For instance, sellers on its popular online shopping platforms can now attract consumers by promising free mobile data traffic packages.
Fu Liang, an independent telecom expert, said cloud computing will be a major area of cooperation between Alibaba and China Unicom if the former invests money in the latter.
“Investing in China Unicom will give Alibaba privileged access to its core information infrastructure resources, such as servers and network, which can make its cloud computing service more flexible and responsive,” Fu said.
According to him, tech companies also bank on telecom carriers’ services to connect different internet centers, which will increase China Unicom’s appeal to Alibaba.
The logic seems to be proven by Alibaba’s reported investment in Chinese telecommunications gear maker ZTE Corp.
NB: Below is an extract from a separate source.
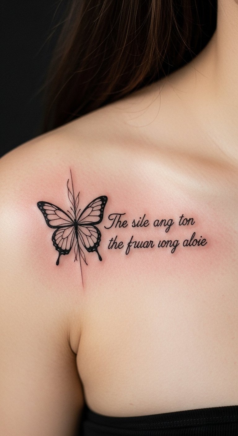 Butterfly tattoos with quotes add words to wings on your shoulder. Pick short phrases for impact. Write ideas in a notebook first. Use free fonts online for practice. Choose script that fits your budget. Position text below the butterfly. Find artists who engrave simply. This makes it personal. Test with temporary markers.

Bloomberg reported last month that Alibaba is closing in on a deal to acquire ZTE’s software subsidiary.
The deal, which is expected to cost 2 billion yuan to 3 billion yuan for ZTEsoft Technology Co, can help strengthen Alibaba’s global internet computing business, as it can bene- fit from ZTEsoft’s global client portfolio and relationships with wireless carriers from Europe and Africa, analysts said.
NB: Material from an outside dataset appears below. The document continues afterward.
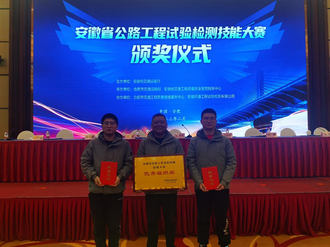 近日,在安徽省交通運輸廳舉辦的全省公路工程試驗檢測技能大賽中,安建品創(chuàng)檢測公司代表隊憑借扎實的理論知識和實操技術能力榮獲“優(yōu)秀組織獎”,參賽人員吳祥領和鄭浩同志榮獲“優(yōu)秀選手”稱號。

Both Alibaba and ZTE declined to comment, but Fu said if the ZTE deal goes through, the chances of Alibaba investing in China Unicom will be even higher.
Xiang Ligang, a telecom expert and CEO of telecom industry website Cctime, said telecom services will also be a key area of cooperation between the two.
“Alibaba excels in attracting consumers with flexible marketing and retailing strategies. Its innovative prowess will help rejuvenate China Unicom’s businesses,” Xiang said.
Alibaba said it sold 240,000 SIM cards in a three-day telecom festival on Tmall, one of its two major online shopping platforms, which help pushed the total transactions of telecom services to 2 billion yuan, up almost 20 percent year-on-year.
Alibaba is already partnering with China Unicom in low-cost data traffic package services, which have attracted more than 3 million users, Wang Xiaochu, chairman of China Unicom, said at a news conference in May.